When to Use Die Casting
Metal Casters have the luxury of choosing between several casting methods to accomplish their goals. Often times the metal caster chooses one method and sticks with it for several years until need directs him to another. Of course, there are those adventurous few who like to sample each casting method to find the best fit. Sure, sand casting might be the most popular but what about Lost Foam or Investment?
What about Die casting?
Die casting is used by industrial foundries and manufacturers to create practically anything and everything, such as die cast cars. Many small foundries, like the one in your garage, backyard, of workshop may find that die casting is really just not economical. But who said that having fun and trying new things was ever economical? This process we aslo called high pressure die casting or pressure die casting, The process of Die Casting involves a simple concept. The molten metal is injected with high pressure into the mold or mold cavities. The mold used in die casting can have several small civilities of either the same pattern or different pattern.
The name Die Casting comes from the molds which are called dies. These molds are reusable and are often made from steel but other alloys can be used as long as they can withstand high pressure. The reason dies must be created from metal and not from sand or other material is due to the high amount of pressure used to get the molten metal into the mold. If sand molds were used in a Die casting procedure then the mold would crumble. There are plenty of advantages of using dies in a casting procedure which makes this method desirable for anyone wishing to create a high volume of similar castings.

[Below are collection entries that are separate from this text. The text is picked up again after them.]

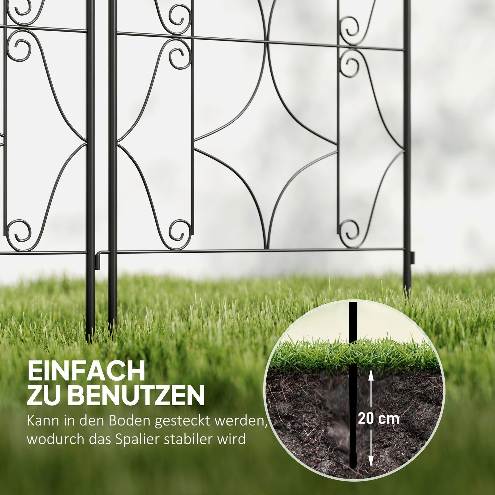 Atnaujinkite savo sodą su rožių atrama! Ši rožių atrama suteikia daug vietos vijokliniams augalams ir saugų palaikymą net vėjuotu oru. Su nerūdijančiu metaliniu rėmu ir patraukliais netaisyklingais raštais, ši rožių atrama sujungia funkcionalų augalų palaikymą su dekoratyvine apsauga nuo smalsių žvilgsnių. Puikiai tinka, kad jūsų sodas taptų elegantiškas.
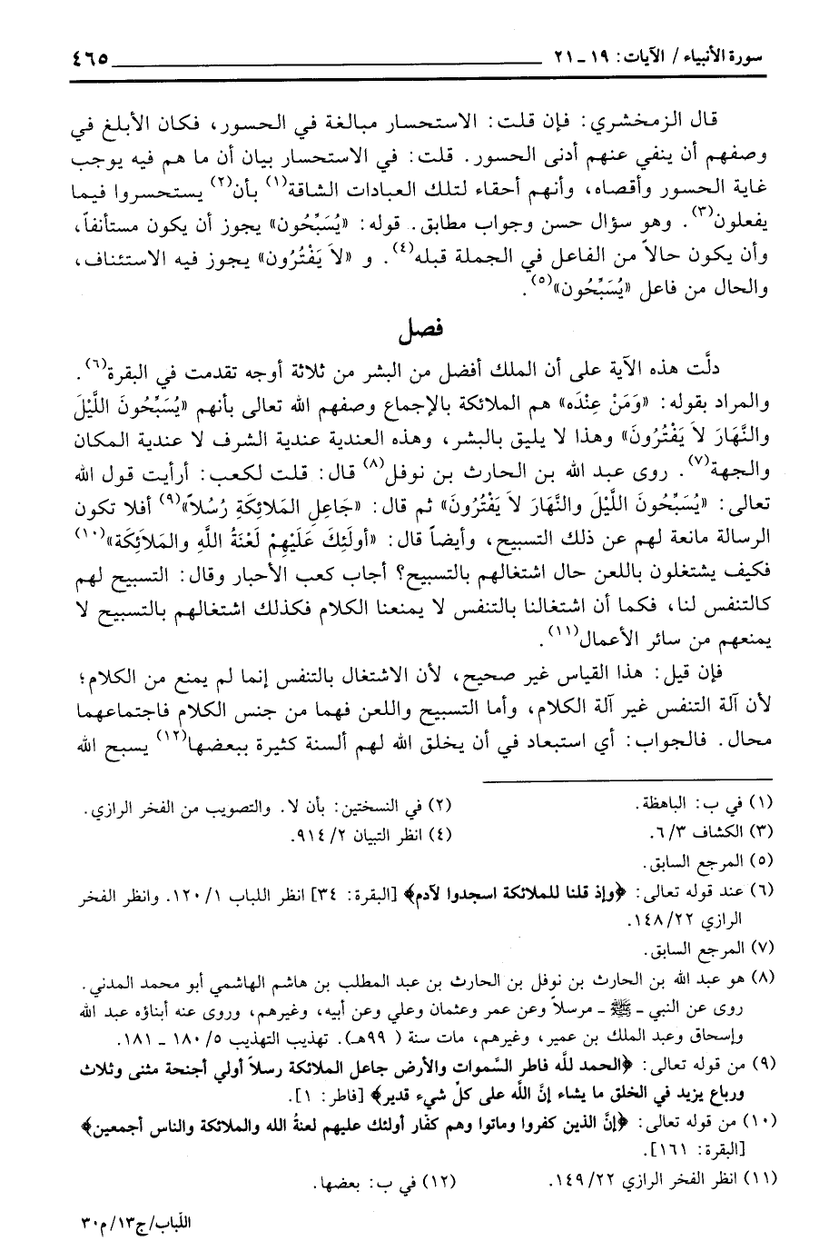 دلَّت هذه الآية على أن الملك أفضل من البشر من ثلاثة أوجه تقدمت في البقرة. والمراد بقوله: «وَمَنْ عِنْدَهُ» هم الملائكة بالإجماع وصفهم الله تعالى بأنهم {يُسَبِّحُونَ الليل والنهار لاَ يَفْتُرُونَ} وهذا لا يليق بالبشر، وهذه العندية عندية الشرف لا عندية المكان والجهة. روى عبد الله بن الحارث بن نوفل قال: قلت لكعب: أرأيت قول الله تعالى: {يُسَبِّحُونَ الليل والنهار لاَ يَفْتُرُونَ} ثم قال: {جَاعِلِ الملائكة رُسُلاً} [فاطر: 1] أفلا تكون الرسالة مانعة لهم عن هذا التسبيح، وأيضاً قال: {أُولَئِكَ عَلَيْهِمْ لَعْنَةُ الله والملاائكة} [البقرة: 161] فكيف يشتغلون باللعن حال اشتغالهم بالتسبيح؟ أجاب كعب الأحبار وقال: التسبيح لهم كالتنفس لنا، فكما أن اشتغالنا بالتنفس لا يمنعنا الكلام فكذلك اشتغالهم بالتسبيح لا يمنعهم من سائر الأعمال.
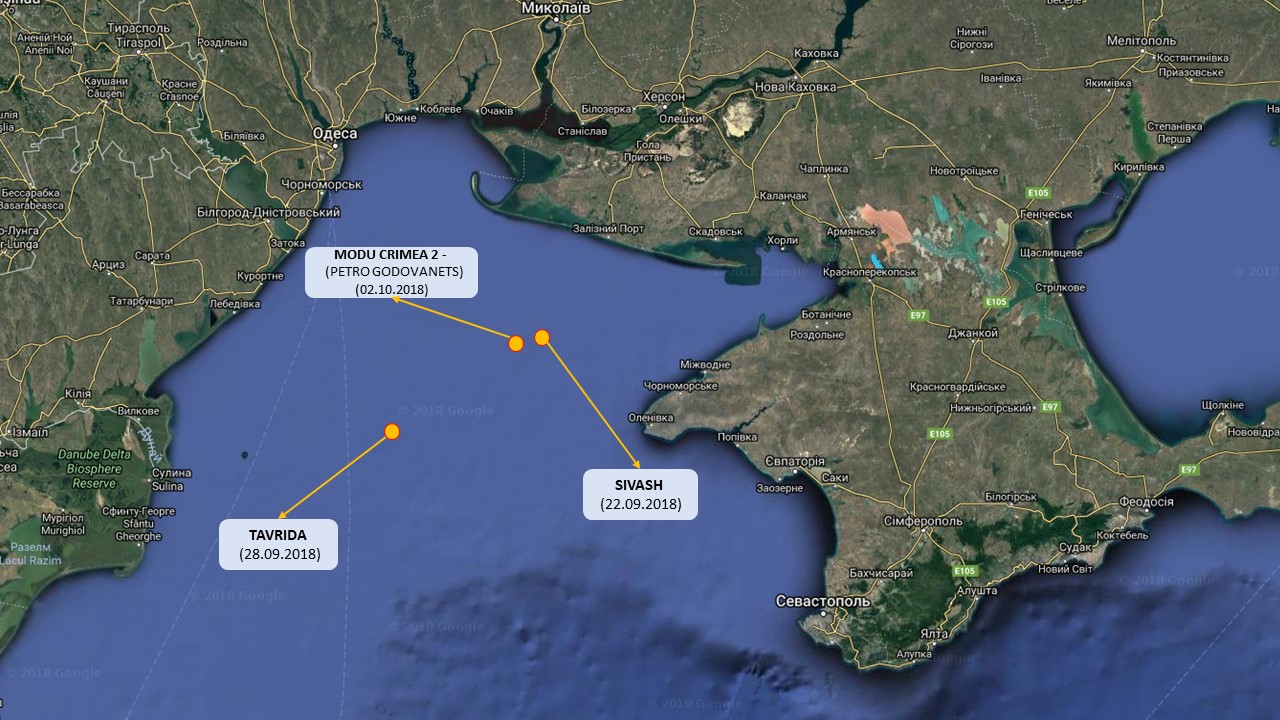 Последние данные о работе установок зафиксированы техническими средствами осенью этого года, в частности активность плавучей буровой установки "Сиваш" 22 сентября 2018, "Таврида" 29 сентября 2018 "Петр Годованец" (переименована оккупационными властями на MODU Crimea 2) 2 октября 2018 г.

Die casting is perfect for anyone that needs to make a lot of the same thing without any quality or pattern deviation. This is especially helpful in certain industries where quantity and quality count. Many hobbyists may have no use for die casting on a practical basis but will often try at least one Die casting for the sake of trying.
There are two types of machines used in the Die Cast procedure. These machines are essentially the same and are called the Hot-chamber and the Cold-chamber.
The Hot-chamber machine melts the alloy and feeds it into a section of the machine referred to as the gooseneck. A piston then forces the alloy into the mold. A separate furnace is not needed but the draw back of this is that metals with higher melting points can not be used.
The Cold-chamber is used for metals that can not be used by the Hot-chamber such as aluminum and copper. A separate furnace is needed to melt the alloy which is then poured into the injection cylinder and then shot into the mold.
The advantages of using Die casting vary but the most noticeable advantages are the repeated quality, smooth casting surface, and the quick production of casts. While the initial cost of Die Casting exceeds several of the other casting procedures, those that need a high number of casts in the shortest amount of time possibly will benefit greatly from the investment.
Die casting is commonly used to create commercial goods as it yields a high volume. The molds, or dies, used vary in life cycle depending upon the material used to create the die. The die can have one cavity or several cavities depending upon the need.
Everyone should try Aluminum die casting, magneium die casting or zinc die casting at least once if they can afford the initial cost. Besides, who knows when you’ll need a small battalion of metal soldiers which can be made quickly and easily with die casting.